This function accepts several arguments, which need to be set up correctly – e.g. argument `sep=';'`, if the entries are not separated by commas, but rather by semicolons or other characters. It is also possible to set `header=False` if the CSV does not have a header – and there are many other options.

### Transforming a Categorical Values to Numbers

Some methods cannot handle categorical attributes (attributes, which have a certain small number of possible values, often textual values) if their values are represented as strings. In that case we need to convert such values to numeric values. This can be done using class `OrdinalEncoder` from package `sklearn`, for an instance:



In [None]:
from sklearn.preprocessing import OrdinalEncoder
ordenc = OrdinalEncoder()

# function fit_transform fits the parameters of the transformer
# using the data and also returns the transformed data itself
df['species_num'] = ordenc.fit_transform(df[['species']])

# we will display a few samples to verify that everything worked
df[["species", "species_num"]].iloc[[0, 1, 50, 80, 100, 101]]

### Simple Plots and Statistics

Package `pandas` can also compute basic statistical measures and do simple plotting. To display information about the distribution of values in a column, we can use function `describe`.



In [None]:
print(df.iloc[:, 0].describe())

#### Boxplot

The dataframe interface makes it easy to display boxplots using the builtin `boxplot` function.

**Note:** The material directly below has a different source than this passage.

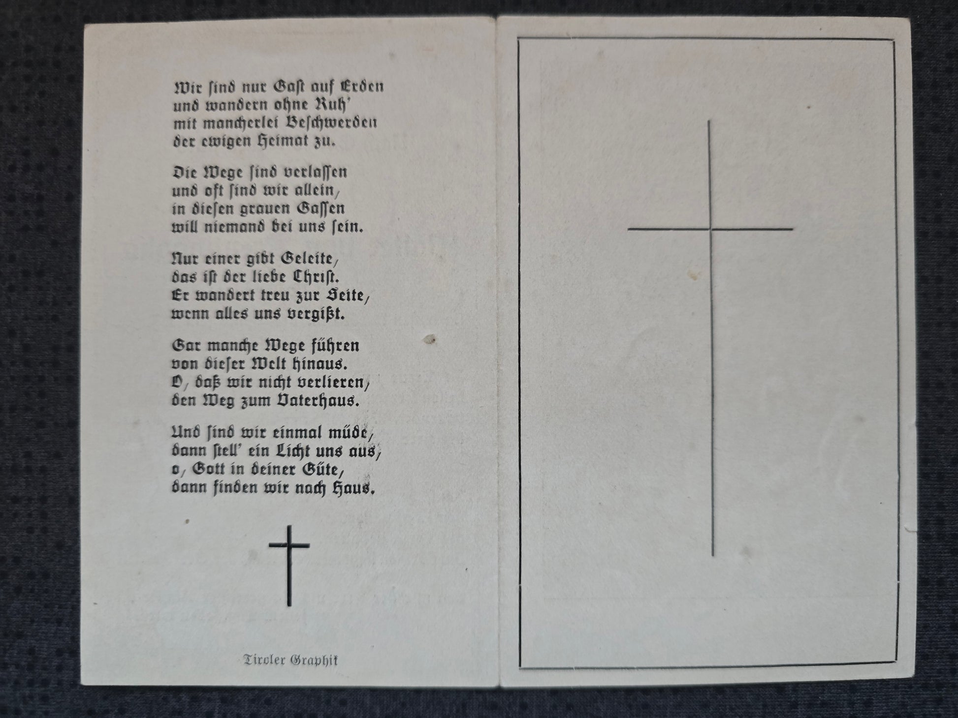 Sterbebild Leutnant Innsbruck 12. Komp. Geb.-Jäger Regt. 136 Eismeerfront Teufelsberg Finnland Russland

Boxplots present information akin to that provided by `describe` in graphical form:



In [None]:
df.boxplot(column=df.columns[0])

#### Comparing Boxplots Across Classes

If we want to compare boxplots across all individual classes, we can do the following:



In [None]:
df.boxplot(column=df.columns[0], by='species')

#### Histograms

It is similarly easy to display column histograms:



In [None]:
df[df.columns[0]].plot(bins=20, kind='hist')

#### Comparing Histograms

If we want to compare histograms across the classes, we can use the following:



In [None]:
df.hist(column=df.columns[0], by='species', bins=50,
        sharex=True, sharey=True, figsize=[10, 8])

### Applying an Arbitrary Function to an Entire Column

In the code presented above we have shown how an entire new column can be created. However, new columns can also be created by applying an arbritrary function to an entire column. Let us suppose that we want to determine the length of each string in column `species` and assign the result to a new column:



In [None]:
# the transformation
df["len"] = df["species"].map(lambda x: len(x))

# we display a few samples
df["len"].iloc[[0, 1, 50, 80, 100, 101]]

### Group Comparisons and Indexing

Similarly to `numpy` arrays, it is also possible to find and index entries that meet a certain condition in dataframes. For an instance, we can select rows, in which the value of the 0th column is greater than 5:



In [None]:
a = df[df.iloc[:, 0] > 5]
a.head()